Recently I watched a handful of adults maneuver to exclude a colleague
from their focus group. Their tactics included moving a name plate to another
location, tightening their circle of chairs so there was no room for anyone to
join and turning their backs toward the one they wanted to ostracize. The
writer of Hebrews reminds us that we too can be guilty of not maturing. “In fact, though by this time you ought to
be teachers, you need someone to teach you the elementary truths of God’s word
all over again. You need milk, not solid food! Anyone who
lives on milk, being still an infant, is not acquainted with the teaching about
righteousness.”
(Hebrews 5:12-13 NIV)
2 comments:
It is really sad when you see this at an evangelism conference.
Grace and peace.
Gail;
-----These guys were quite crafty, but obviously not stealthy. I can imagine a few situations where we wouldn’t want someone in our group and should really not have to have them, either. We can get emotionally strung out on certain aspects of love which will tie up the mind with frivolous and trivial meanings and principles to the point that the fundamental and critical ones get lost. For example, the Presbyterian hierarchy is sure the time has come for gays not only to join our focus groups (churches) but to lead them as ministers and elders. Uh!! Closer to home in many, many more hearts, women elders and preachers are becoming common in spite of Scriptures setting up barricades and warning signs against it and yelling cautious words of wisdom concerning it. I heard a teacher in Sunday School surmise that Hell is not a place or even a separate existence, it is only a state of being in heaven wherein there will be no contact with others. Oh! Goody, goody gumdrops! God’s wrath is like time-out, man! Affection and empathetic compassion are frivolities and trivialities underlying God’s wrath working the destruction of evil for the perfection of good. It’s kind of a rule of thumb I like to remember.

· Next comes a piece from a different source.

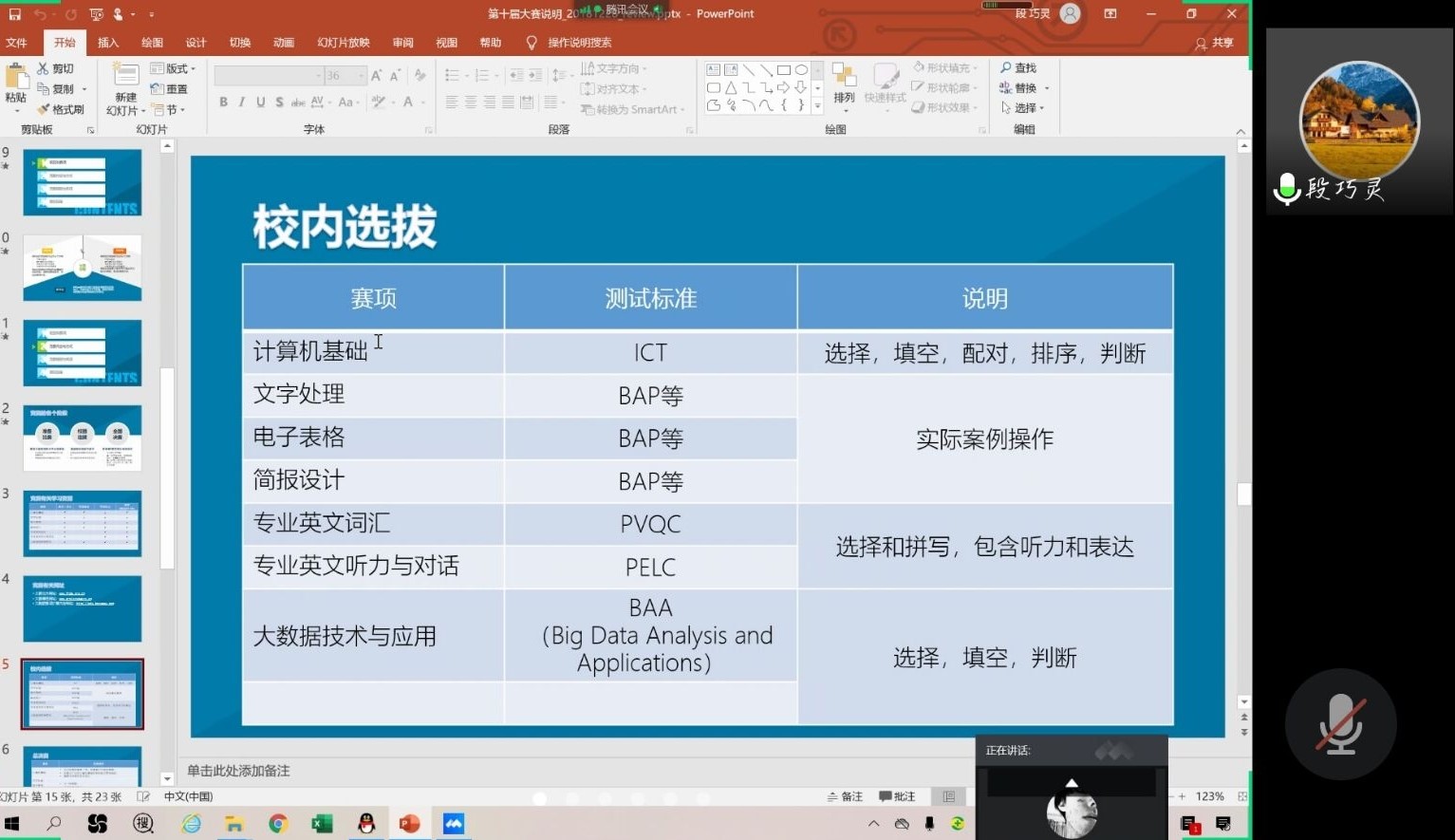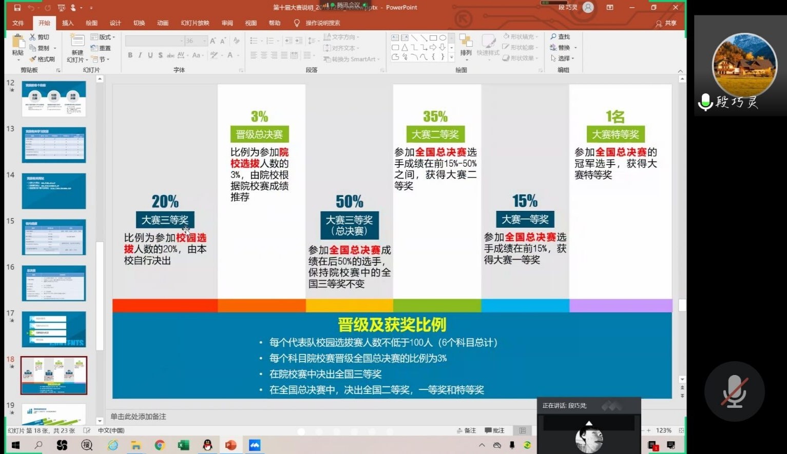 每个代表队校园选拔赛人数不低于100人,每个科目院校赛晋级全国总决赛的比例为3%,在院校赛中决出全国三等奖,在全国总决赛中决出全国二等奖,一等奖以及特等奖。段巧灵老师向同学们介绍了校内选拔赛和总决赛的赛项标准和说明。

-----Affection and compassion are frivolous and trivial? Really?? Yes, relatively. I try to farm affection and compassion in the soils of my heart. I know their magnitude. So I had affection and compassion for Timothy McVeigh. At his lowest level he was an individual with feelings, concerns, issues, and interests like the rest of us. I had affection and compassion for Ted Bundy, even though he murdered my good friend’s sister. But what they did called for the death penalty not just by man’s law, but also by God’s law (Gen 9:6). My affection and compassion for them did not forbid my agreement with and joint call for their execution. My affection and compassion became frivolous and trivial to cleansing the ground of their murders, but not lost and gone to that. Yes, I have compassion for gays and I sympathize with the feminine frame of mind, but God’s Word sets principles beside and around which affection, compassion, sympathy, etc. stand without obfuscation. Elsewhere, in some other issue, these frivolities become the principle and a different principle becomes a frivolity.
-----Our focus groups are vital, because the thinking and feeling passed around in them are constructive to thoughts and feelings then passed around in the world. Although we can not be possessive about the church’s thoughts and feelings, we must be scripturally guarded about them. A clear and real expression of Jesus Christ is critical for people’s inclination to even give Him a second thought. Since expression is a thing of principle and attitudes, it is important to prevent relative frivolity from mucking up the points of imperatives without relegating frivolity to unimportance.